I was up too early yesterday. I laid in bed, giving sleep a chance to come. When it didn't, I was almost glad. I enjoy my mornings. The gym's not open yet, phone calls would not yet be appropriate, there's nothing on the schedule. There's just me, a cup of coffee, and my favorite cat snuggling in my lap.

Life often feels like chaos. It's the ball of yarn that ends up in extra stitches, a few holes, and a few mismatched patterns while I'm trying to knit it into a scarf. It's the dinner that wanders away from what I planned it to be when I thought I had all the right ingredients. It's the house full of old, ugly wall paper and stained carpets that I'm hoping will be transformed into something that feels like home in less than two months.

Of course, I could (and I do) fixate on the failed scarf, the imperfect meal. I could worry about how all of those upcoming home projects are going to get done while I'm still living life.

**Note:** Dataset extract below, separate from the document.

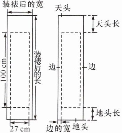 解:设天头长为$6x\ cm$,地头长为$4x\ cm$,则左、右边的宽为$x\ cm$.根据题意,得$100+(6x+4x)=4×(27+2x)$,解得$x=4$,则$6x=24$.答:边的宽为$4\ cm$,天头长为$24\ cm$.

I could fixate on my personal happiness and whether or not I'm successful. But when I do (and I do all of those things), I always miss what is really important. Perfection and success are concepts that often lack workable, concrete definitions, so for me, they always seem out of reach when I am staring at them, fixating on them, wondering if I can be found somewhere where they are. And happiness? Of course, I'm all for it. But it's an emotion that has its place in a healthy life, just like anger, disappointment, guilt, and excitement. So setting happiness as a goal is like setting surprise or excitement as a goal. Which leads me to believe that happiness is not really the goal we're setting when we say it is.

One thing I am hashing out in my own life is that discomfort is as much a part of a healthy, satisfying life as happiness is, and to wish it away in favor of a constant feeling of happiness is to miss part of what it means to be human and what makes the sweet times so sweet. I'm realizing that the parameters of failure and success have very little to do with whether or not things go as planned, or what everyone thinks of me, or whether or not I am at or above the status quo. There are times when it is important to sit through, live in, and not wish away uncomfortable situations. No one ever gets better at running or weight lifting or painting or anything by determining to remain within a comfort zone because pushing outside of it would be undeniably uncomfortable. No one improves that way.

Interestingly enough, when I embrace those ideas and let go of my former efforts of measuring success, I feel much freer to live out who I am, something no one else can do. And that feels good.